October 1995. Arriving home one evening after an exhausting trip, we find the call came in our absence. Surprise! We have three days to get ready for our journey to China. As the myriad details fall into place, we learn that the Lord Himself orchestrates international adoptions. We try to relax and cooperate with His project.
Arriving in Hong Kong, we reflect on Ephesians 1: “He chose us”—when we had no clue of what He was doing or how lost we were. “He predestined us to be adopted as his sons”—when we were outsiders to His family. “In accordance with his pleasure and will”—this act of love fills God with delight, and He does it simply because He wants to.
Adoption provides a beautiful insight into the Father’s heart. When He saves a person from sin’s orphanage, He makes a sovereign choice. He performs a loving act. He thoroughly enjoys the experience. And the angels in heaven rejoice over one orphan who comes home.
Wei Wei travels 12 hours by train to the rendezvous with her new family in the capital city of her province. Of course, she has no inkling of the impending change in her fortunes. Crying much of the way, not eating or drinking all day, she arrives in the capital city exhausted. She meets Mom, Dad, and sister Heidi 30 minutes after we check in at the hotel. She gazes steadfastly into her new mother’s eyes and falls asleep within minutes. She has found peace.
The next day Wei Wei officially becomes Hannah Noelle Regier. Chosen. Adopted. In accordance with the pleasure and will of her family and the loving Heavenly Father.
The benefits she receives remind me of what happens when God adopts. He gives us:
- A new name. Believers, who were “not His people,” are now called “children of God,” and in the Book of Revelation He promises them “a new name …known only to him who receives it” (2:17).
- Freedom. Just as Hannah no longer spends her days confined in an orphanage, so the adopted child of God enjoys emancipation from the old way of life.
- Assurance. When Hannah fell asleep in my wife’s arms that first night, one of the Chinese aides commented, “She knows who her mother is.” She even possesses a document that declares her a member of our family! Paul writes in Galatians 4 and Romans 8 that the Spirit within us makes us so confident of our standing that we can talk with God using terms of endearment such as “Abba” and “Father.”
- An inheritance. In the same texts the Apostle reminds us that we share in all the rights and privileges of the firstborn—“heirs of God and co-heirs with Christ.” And that includes all the family resources.
December 1995, Dallas, Texas. A former orphan sits under a Christmas tree. Her family has found her, and she has come home. Her upside-down world has turned right-side up. Now she will hear the Christmas story, and in due time she will learn of the wonderful doctrine of adoption from the scrapbook of her life.

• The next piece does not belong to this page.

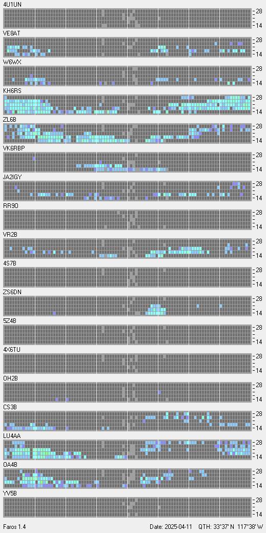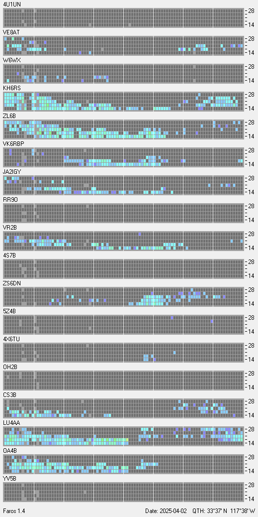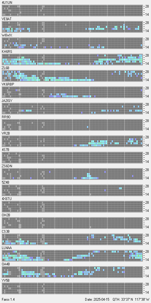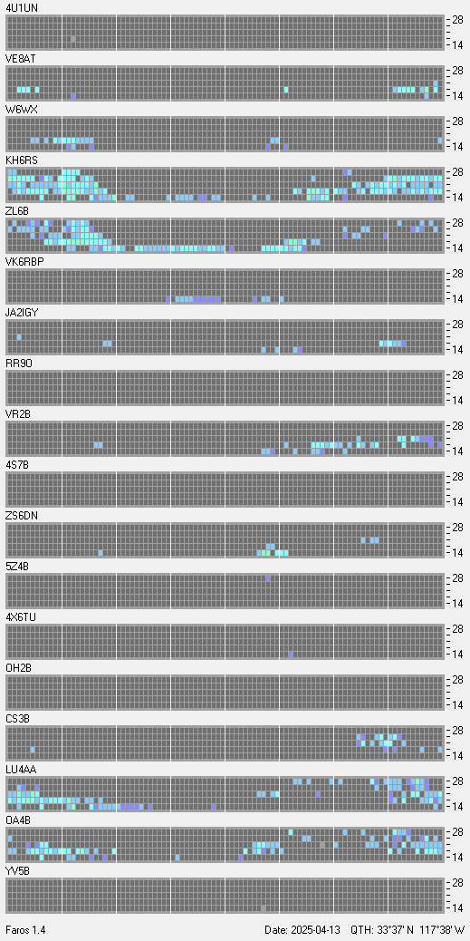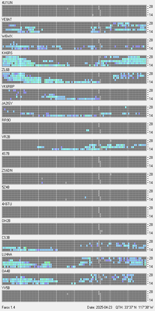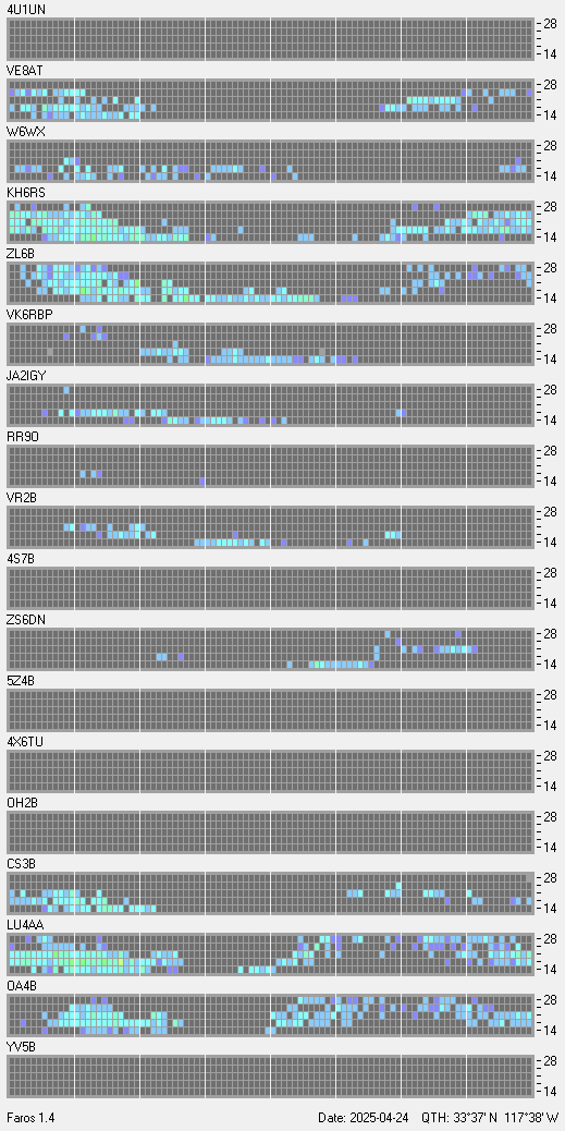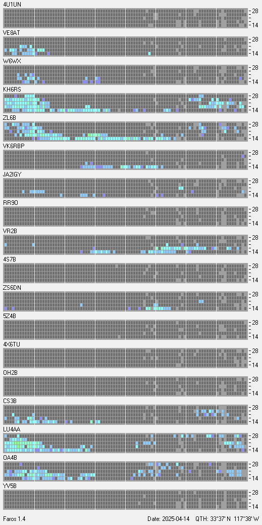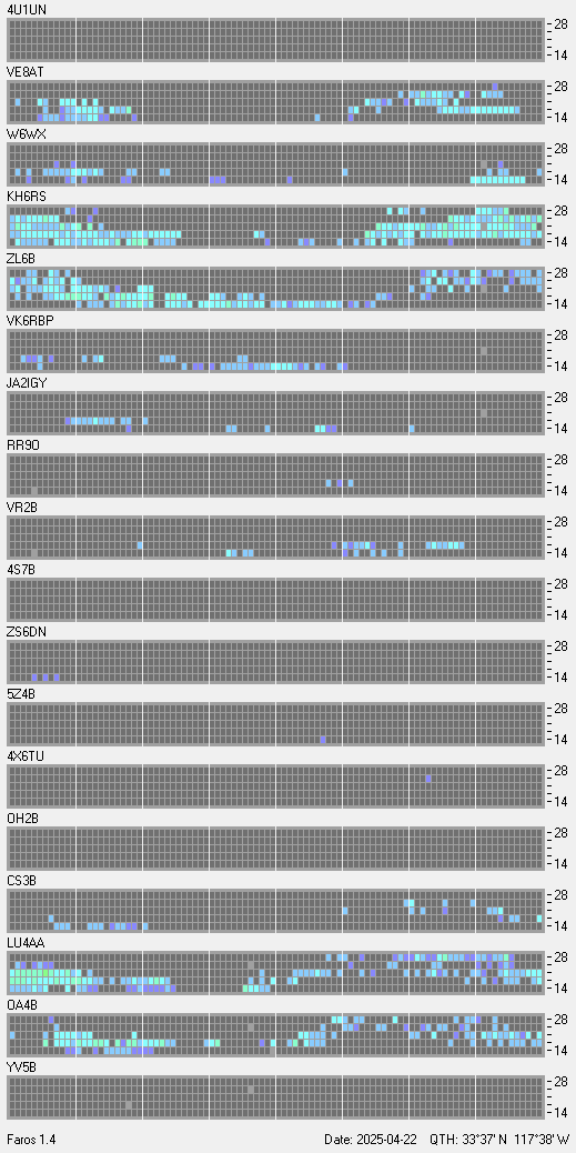 This is a record of NCDXF Beacon received at W6SI station using FAROS 1.4 monitor software. There are 18 beacons throughout the world, it records each ham band between 20m to 10m bands, including WARC bands. Each row on the given beacon block represents the band, 20, 17, 15, 12 and 10 meters, from the bottom to the top. The chart shows the relative signal strength (S/N ratio) of the received beacon. |

May 1997. Hannah’s old life fades from her memory as new blessings flood her days. She runs around the house contentedly, a living theology lesson, unaware of the blessed spiritual truth she has taught her family.
About the Contributors
The son of a Mennonite pastor, Professor Regier always knew he would spend his life in ministry. His passion is to minister through art and technology. For more than thirty years he has created and executed innumerable multimedia presentations for Dallas Seminary and has also guided thousands of students in the development of audiovisual support for their ministries. He and his wife Jan consider themselves parents of “two families.” With four grown children (the youngest in high school), they adopted two little girls from China. Recently, Don had the privilege of baptizing the girls.